START PROVIDED DATA

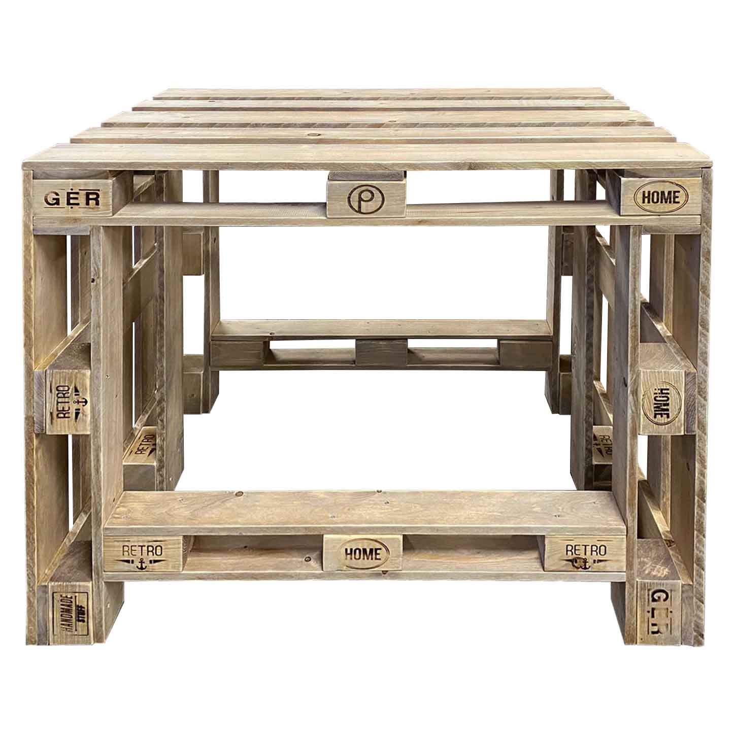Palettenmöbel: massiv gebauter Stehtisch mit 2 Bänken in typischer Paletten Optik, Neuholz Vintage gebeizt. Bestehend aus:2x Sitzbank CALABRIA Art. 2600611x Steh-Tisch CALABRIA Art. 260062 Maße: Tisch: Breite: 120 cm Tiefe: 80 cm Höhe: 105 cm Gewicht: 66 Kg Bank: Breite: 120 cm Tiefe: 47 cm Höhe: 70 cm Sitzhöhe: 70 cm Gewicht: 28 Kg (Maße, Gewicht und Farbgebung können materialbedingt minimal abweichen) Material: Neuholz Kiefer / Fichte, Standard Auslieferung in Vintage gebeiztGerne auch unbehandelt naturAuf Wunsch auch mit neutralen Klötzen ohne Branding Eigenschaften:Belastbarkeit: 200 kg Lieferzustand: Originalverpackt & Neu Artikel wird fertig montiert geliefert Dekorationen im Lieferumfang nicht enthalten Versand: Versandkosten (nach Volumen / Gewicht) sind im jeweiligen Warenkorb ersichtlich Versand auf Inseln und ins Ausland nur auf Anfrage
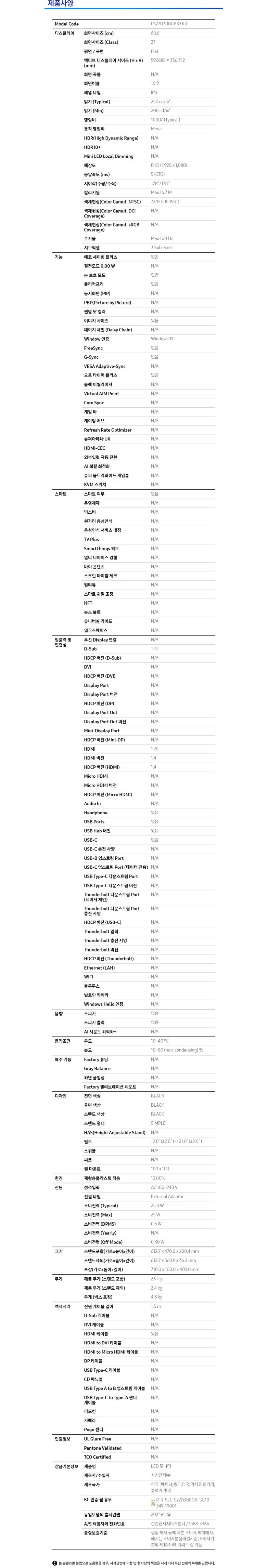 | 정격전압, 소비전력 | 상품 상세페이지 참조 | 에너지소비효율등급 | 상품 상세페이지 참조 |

END PROVIDED DATA
START PROVIDED DATA

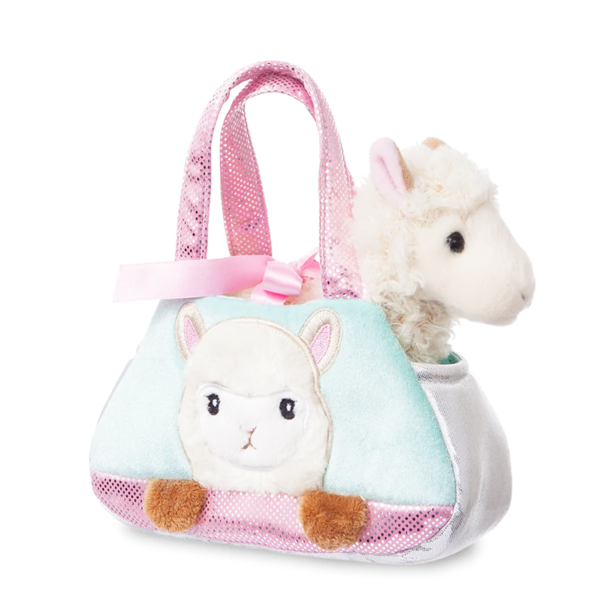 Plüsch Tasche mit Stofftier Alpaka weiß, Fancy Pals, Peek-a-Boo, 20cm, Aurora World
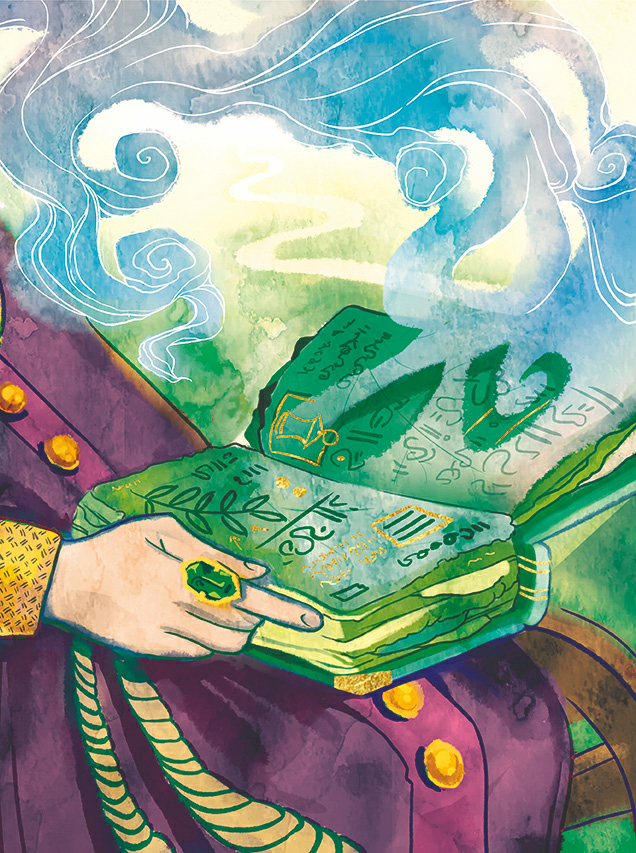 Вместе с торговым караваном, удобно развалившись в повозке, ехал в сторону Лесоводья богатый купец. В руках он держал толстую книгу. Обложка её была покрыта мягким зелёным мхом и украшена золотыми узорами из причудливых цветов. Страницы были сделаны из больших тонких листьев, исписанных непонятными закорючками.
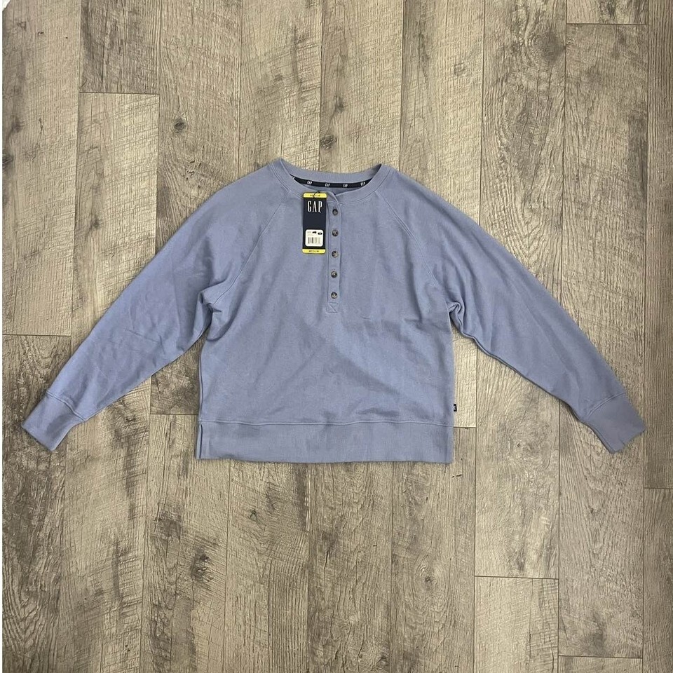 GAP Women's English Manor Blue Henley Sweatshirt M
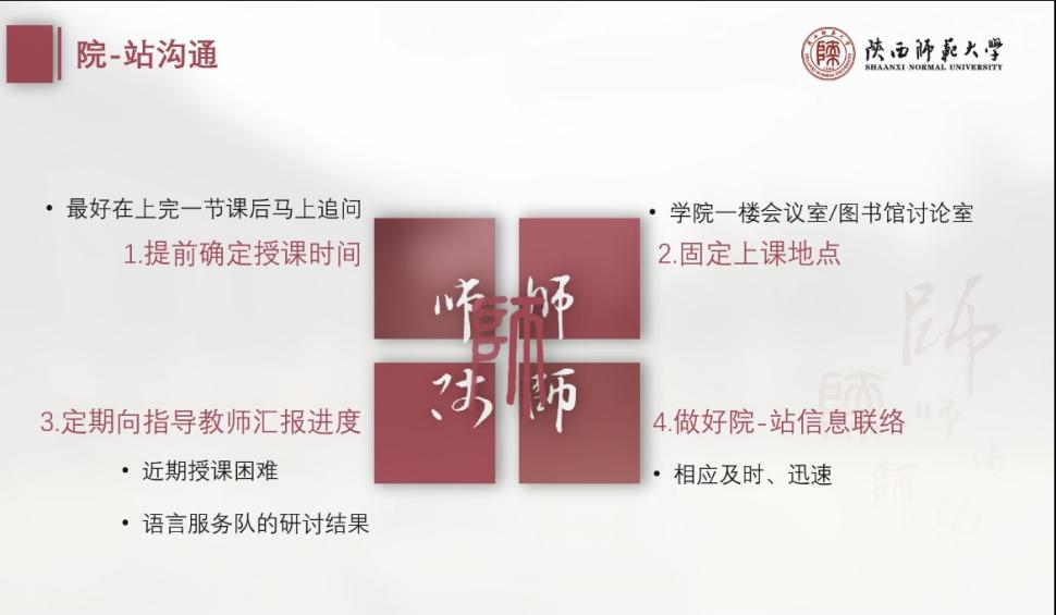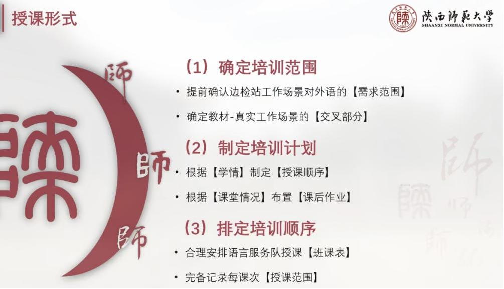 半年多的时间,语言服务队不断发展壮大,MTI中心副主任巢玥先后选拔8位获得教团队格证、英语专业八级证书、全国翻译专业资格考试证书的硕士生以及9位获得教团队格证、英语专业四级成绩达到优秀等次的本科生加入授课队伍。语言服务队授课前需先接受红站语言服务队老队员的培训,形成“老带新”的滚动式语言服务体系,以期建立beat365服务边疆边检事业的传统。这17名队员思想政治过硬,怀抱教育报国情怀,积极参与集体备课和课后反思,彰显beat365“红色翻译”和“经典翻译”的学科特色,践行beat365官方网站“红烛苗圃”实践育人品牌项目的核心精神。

END PROVIDED DATA
START PROVIDED DATA

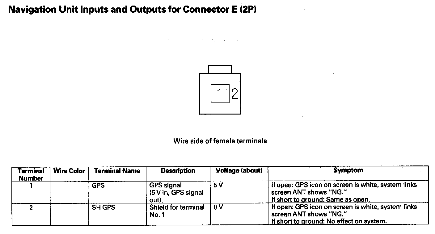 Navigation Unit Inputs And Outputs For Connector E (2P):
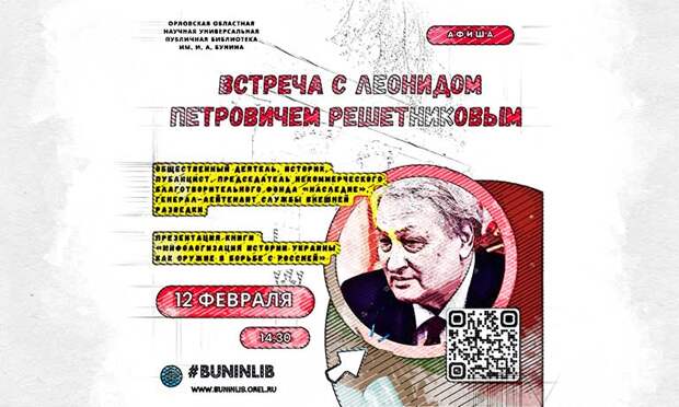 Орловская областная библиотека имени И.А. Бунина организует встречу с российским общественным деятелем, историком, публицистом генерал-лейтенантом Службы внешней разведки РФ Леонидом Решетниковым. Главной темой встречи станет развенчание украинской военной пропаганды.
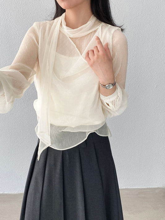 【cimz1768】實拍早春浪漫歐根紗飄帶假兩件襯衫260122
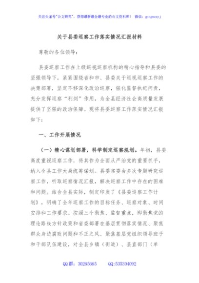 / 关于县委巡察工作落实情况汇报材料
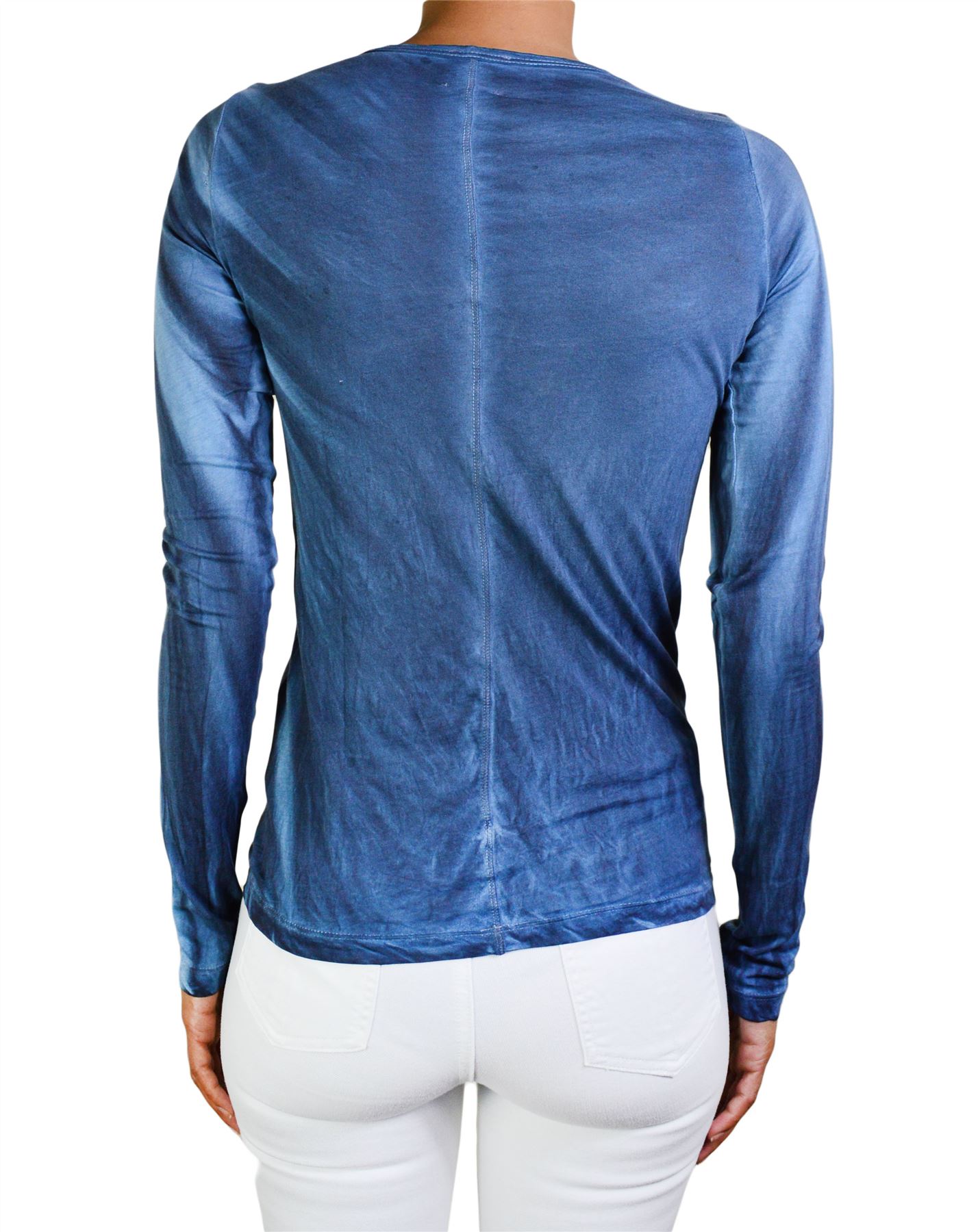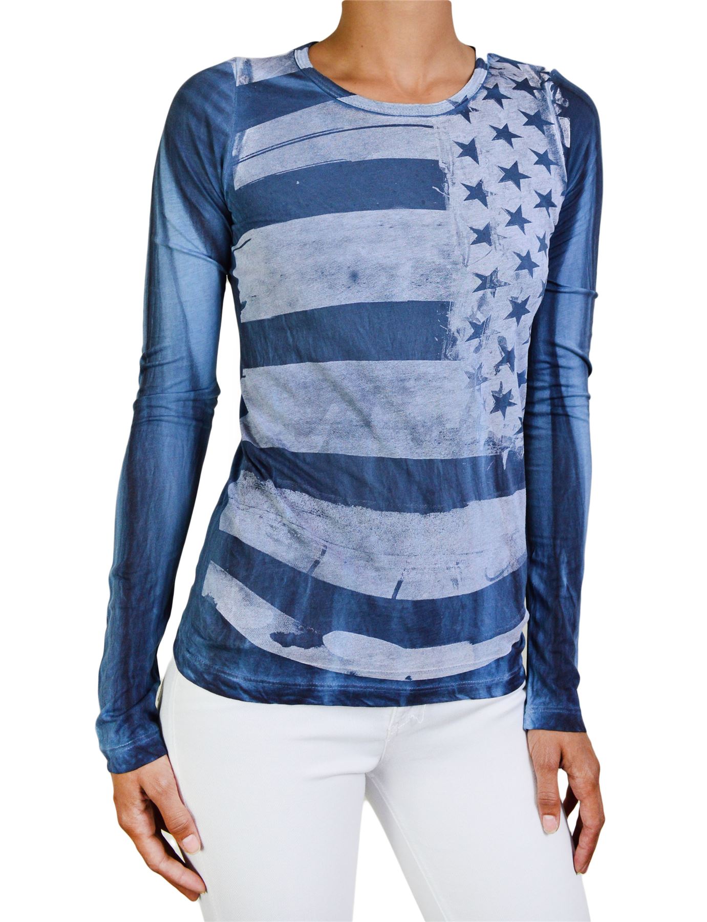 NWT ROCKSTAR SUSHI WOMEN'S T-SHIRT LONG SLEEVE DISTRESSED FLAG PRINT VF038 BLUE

END PROVIDED DATA

▸ **ACTIVITY**
What you write must match the listing exactly, from the line with "GAP Women's English" up to and including the line with "半年多的时间,语言服务队不断". Pictures stay out.

▸ **SOLVED EXERCISE**
 GAP Women's English Manor Blue Henley Sweatshirt M
 半年多的时间,语言服务队不断发展壮大,MTI中心副主任巢玥先后选拔8位获得教团队格证、英语专业八级证书、全国翻译专业资格考试证书的硕士生以及9位获得教团队格证、英语专业四级成绩达到优秀等次的本科生加入授课队伍。语言服务队授课前需先接受红站语言服务队老队员的培训,形成“老带新”的滚动式语言服务体系,以期建立beat365服务边疆边检事业的传统。这17名队员思想政治过硬,怀抱教育报国情怀,积极参与集体备课和课后反思,彰显beat365“红色翻译”和“经典翻译”的学科特色,践行beat365官方网站“红烛苗圃”实践育人品牌项目的核心精神。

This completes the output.